_TASK INPUT_
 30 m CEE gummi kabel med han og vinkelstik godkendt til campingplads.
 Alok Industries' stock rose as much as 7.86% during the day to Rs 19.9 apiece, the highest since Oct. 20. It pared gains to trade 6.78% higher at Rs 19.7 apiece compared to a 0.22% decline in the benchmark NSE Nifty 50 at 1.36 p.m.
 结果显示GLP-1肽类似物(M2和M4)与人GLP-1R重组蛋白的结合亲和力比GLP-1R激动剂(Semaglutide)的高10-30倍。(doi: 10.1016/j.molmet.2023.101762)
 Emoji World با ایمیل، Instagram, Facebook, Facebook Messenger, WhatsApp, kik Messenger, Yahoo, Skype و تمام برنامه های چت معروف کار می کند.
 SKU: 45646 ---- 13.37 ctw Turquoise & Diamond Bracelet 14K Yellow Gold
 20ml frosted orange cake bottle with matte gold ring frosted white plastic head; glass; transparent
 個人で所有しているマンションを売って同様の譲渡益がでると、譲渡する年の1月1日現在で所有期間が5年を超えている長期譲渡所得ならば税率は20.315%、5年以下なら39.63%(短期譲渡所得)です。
---
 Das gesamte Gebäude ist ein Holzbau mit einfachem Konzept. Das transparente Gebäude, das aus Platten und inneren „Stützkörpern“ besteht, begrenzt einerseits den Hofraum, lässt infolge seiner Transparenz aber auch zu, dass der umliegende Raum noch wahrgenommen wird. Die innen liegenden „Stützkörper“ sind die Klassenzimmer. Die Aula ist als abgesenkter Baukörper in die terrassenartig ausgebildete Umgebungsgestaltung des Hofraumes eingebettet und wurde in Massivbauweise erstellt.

_WORK INSTRUCTIONS_
One stretch of the lines above is wanted, from the line that contains "Emoji World با" through the line that contains "個人で所有しているマンション". Output it exactly.

_TASK OUTPUT_
 Emoji World با ایمیل، Instagram, Facebook, Facebook Messenger, WhatsApp, kik Messenger, Yahoo, Skype و تمام برنامه های چت معروف کار می کند.
 SKU: 45646 ---- 13.37 ctw Turquoise & Diamond Bracelet 14K Yellow Gold
 20ml frosted orange cake bottle with matte gold ring frosted white plastic head; glass; transparent
 個人で所有しているマンションを売って同様の譲渡益がでると、譲渡する年の1月1日現在で所有期間が5年を超えている長期譲渡所得ならば税率は20.315%、5年以下なら39.63%(短期譲渡所得)です。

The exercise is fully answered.